Under S.J.C. Rule 4:01, § 17 (8), "[a]ny lawyer who is disbarred ... and who is found by the court to have violated the provisions of this rule by engaging in legal or unauthorized paralegal work prior to reinstatement under this rule may not be reinstated until after the expiration of a specified term determined by the court after a finding that the lawyer has violated the provisions of this rule," Bar counsel argues that because it has been established that the respondent engaged in legal work while he was disbarred, he clearly violated § 17 (8), and that he should not be permitted to apply for reinstatement until eight years have passed. The respondent argues in effect that his disbarment has placed him in dire economic straits, that he has admitted his wrongdoing, that he has meant and means no disrespect to the courts or the bar, and that his reinstatement should not be precluded for as long as eight more years.

I agree with bar counsel that the respondent has violated rule 4:01 1 § 17 (8), by engaging in legal work while disbarred, and the respondent does not argue otherwise. As for the appropriate "term" to impose before the respondent may apply for reinstatement, I accept the respondent's representations about his respect for the courts and the bar, and that he has a very strong interest in returning to practice. Nonetheless, I cannot ignore the nature and seriousness of the respondent's misconduct underlying this finding of rule violations. 2 In bar discipline cases generally, the primary consideration when considering sanction is "the effect upon, and perception of, the public and the bar." Matter of Finneran, 455 Mass. 722, 737 (2010) (quotation and citations omitted). That same consideration is relevant here. In the circumstances presented, 3 I conclude that eight years -- the same period of time that applies to disbarment itself -- is appropriate. The term is to run from the date of the respondent's plea, May 9, 2013.

ORDER

Based on the foregoing findings and conclusions, it is ordered that a separate judgment enter adjudicating the respondent, John C. McBride, in contempt of the order of disbarment entered in this matter on August 5, 2005. It is further ordered pursuant to S.J.C. Rule 4:01, § 17 (8), that the respondent may not be reinstated until after the expiration of eight years from May 9, 2013, and may not file a petition for reinstatement until three months prior to that date.

Margot Botsford
Associate Justice

Dated: September 25, 2013

 

1 The charges also included larceny over $250 (larceny of a credit card) i and identity fraud. The respondent received a continuance without a finding (CWOF) for one year on the credit card larceny charge (until May 7, 2014), and a CWOF on the identity fraud charge for two years (until May 6, 2015)

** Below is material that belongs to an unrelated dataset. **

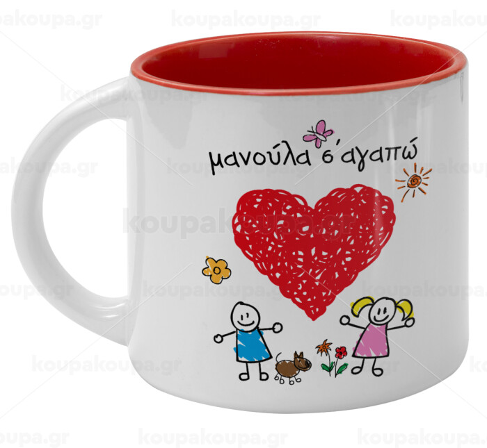 Μανούλα σ'αγαπώ!, Κούπα κεραμική 400ml Λευκή/Κόκκινη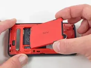 Используйте плоский конец лопатки, чтобы приподнять красный фиксатор MicroSD, прикрепленный к внутренней рамке.

The substance of these dispositions was presented to the judge by both parties as a negotiated plea proposal, although the parties proposed a continuance period of one year; the judge increased the continuance period from one to two years.

2 To repeat, the misconduct included holding himself out as a lawyer able to represent the two different individuals in question and taking them on as clients, forging a signature and cashing a settlement check in one case, and obtaining a legal retainer in the other. The seriousness of the misconduct is underscored by the fact that it gave rise to criminal charges against the respondent.

3 I am mindful that the additional offenses on which the respondent admitted to sufficient facts (see note 1, supra), while not related directly to the practice of law and S.J.C. Rule 4:01, § 17 (8), also reflect serious misconduct on the respondent's part.